This project aims to simulate RNA-seq data with specific differential expression patterns using the polyester
R package. The simulation process involves extracting gene sets from a JSON file, mapping these genes to their indices in a reference genome FASTA file, and then using these mappings to simulate RNA-seq data with defined fold changes.
.
├── data
│ ├── c2.cp.kegg_medicus.v2023.2.Hs.json
│ └── genome
│ └── gencode.v38.transcripts.fa
├── doc
│ └── environment.yml
├── indexed_gset.ipynb
├── License
├── output
│ └── gene_sets_with_indices.tsv
├── README.md
├── scripts
│ ├── rnaseq_simulation.R
│ ├── submit_simulation_EXAMPLE.sh
│ └── submit_simulation.sh
└── simulate_RNAseq.Rmd
- Python 3.x
- Conda
- R with the following packages:
- dplyr
- polyester
- Biostrings
- Python 3.x
- Conda
Create the Conda environment using the environment.yml
file:
conda env create -f environment.yml
In R session:
BiocManager::install("polyester")
Use the Jupyter notebook indexed_gset.ipynb
to:
- Define file paths and target gene sets.

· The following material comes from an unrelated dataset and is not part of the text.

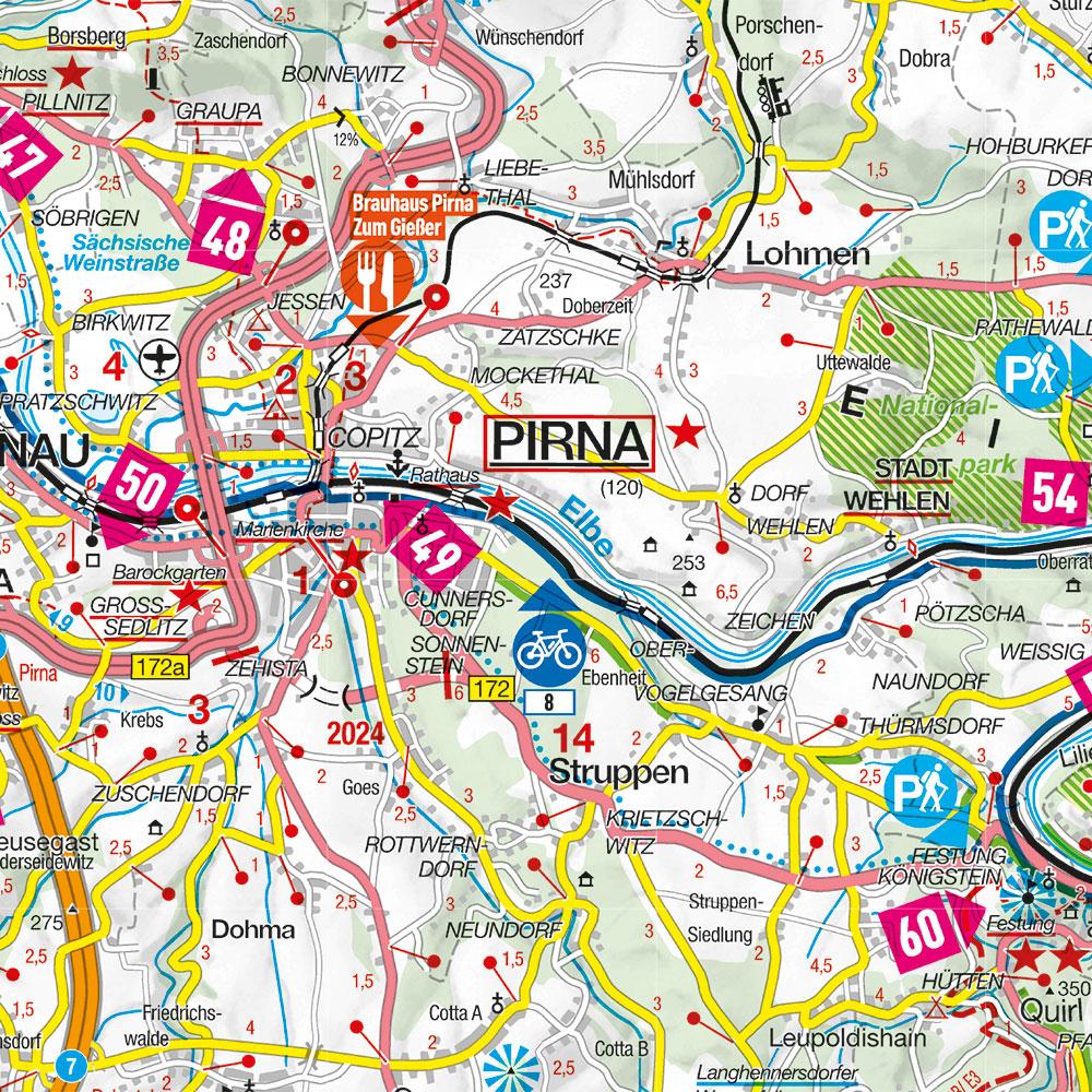Die Marco Polo Freizeitkarte Dresden, Oberlausitz, Sächsische Schweiz im Maßstab 1:100.000 ist ideal für deine detaillierte Ausflugs- und Urlaubsplanung. Die Karte enthält nicht nur wichtige Informationen, Wegpunkte und Einrichtungen, sondern auch 66 ausgewählte Tipps und Ziele in der Region: Dresden, Oberlausitz, Sächsische Schweiz. Ob Fahrradtouren, Wanderparkplätze oder gemütliche Ausflugslokale – mit dieser wetter- und reißfesten Karte bist du bestens vorbereitet für abwechslungsreiche Entdeckungen in der Region.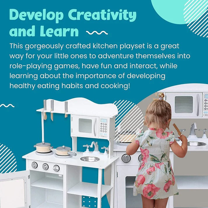 Širina drvene kuhinje, kao i brojni elementi poput vrata koja se otvaraju i rotirajućih dugmadi, omogućavaju djeci da se igraju zajedno s prijateljima. Na taj način lakše usvajaju pravila sigurnog i higijenskog rada. Igra uloga pozitivno utiče na razvoj manuelnih vještina i koordinaciju.

- Extract gene names from the JSON file.
- Map gene names to their first occurrence index in the FASTA file.
- Output a TSV file with the gene set, target gene, and index.
Use rnaseq_simulation.Rmd
or the R script rnaseq_simulation.R
in the scripts
directory to:
- Read the TSV file with gene sets and indices.
- Define fold change values for each gene set.
- Create a table with fold change values for each gene.
- Load the FASTA sequences.
- Create a fold changes matrix.
- Simulate the RNA-seq experiment with specified replicates and fold changes.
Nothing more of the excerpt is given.